Given records
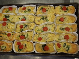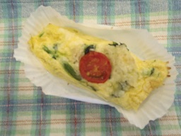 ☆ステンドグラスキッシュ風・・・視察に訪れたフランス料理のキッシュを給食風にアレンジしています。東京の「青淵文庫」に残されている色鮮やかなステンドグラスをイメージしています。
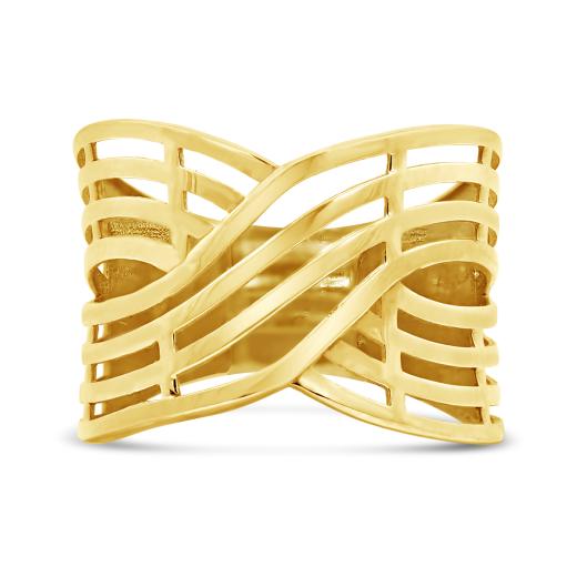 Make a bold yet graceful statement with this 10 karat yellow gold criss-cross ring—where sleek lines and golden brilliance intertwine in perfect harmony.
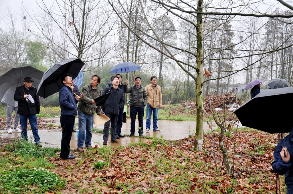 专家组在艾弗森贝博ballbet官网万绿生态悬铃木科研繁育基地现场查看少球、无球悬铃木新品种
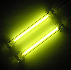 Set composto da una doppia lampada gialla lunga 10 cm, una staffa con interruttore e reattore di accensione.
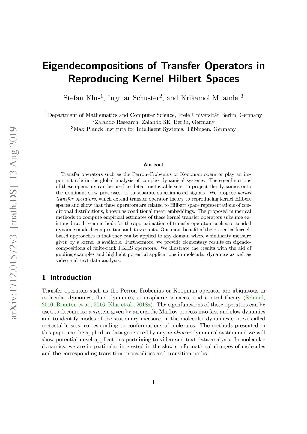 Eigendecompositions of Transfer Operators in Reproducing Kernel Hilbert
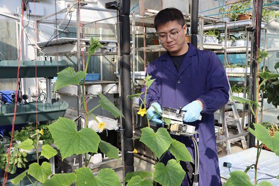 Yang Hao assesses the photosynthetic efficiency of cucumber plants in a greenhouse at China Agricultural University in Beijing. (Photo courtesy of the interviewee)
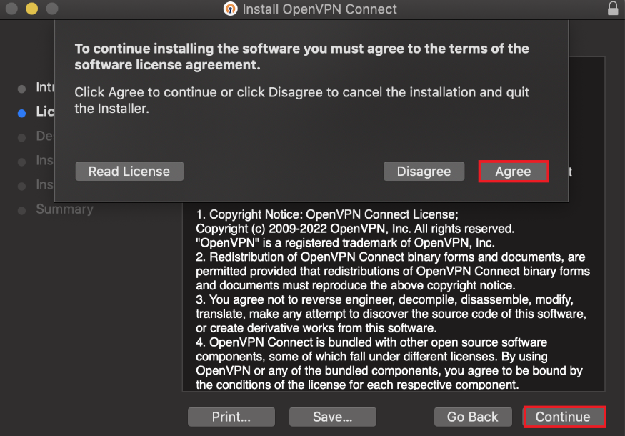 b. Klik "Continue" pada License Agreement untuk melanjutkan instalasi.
==
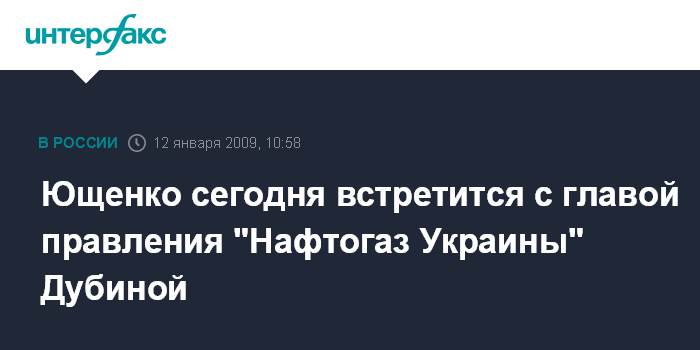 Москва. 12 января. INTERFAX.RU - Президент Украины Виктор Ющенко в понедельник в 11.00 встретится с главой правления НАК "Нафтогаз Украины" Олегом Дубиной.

Requirement
Keep to the lines above from the line with "Set composto da" to the line with "untuk melanjutkan instalasi.", and set down exactly those, inclusive, with nothing else and every picture left out.

Output for this exercise
 Set composto da una doppia lampada gialla lunga 10 cm, una staffa con interruttore e reattore di accensione.
 Eigendecompositions of Transfer Operators in Reproducing Kernel Hilbert
 Yang Hao assesses the photosynthetic efficiency of cucumber plants in a greenhouse at China Agricultural University in Beijing. (Photo courtesy of the interviewee)
 b. Klik "Continue" pada License Agreement untuk melanjutkan instalasi.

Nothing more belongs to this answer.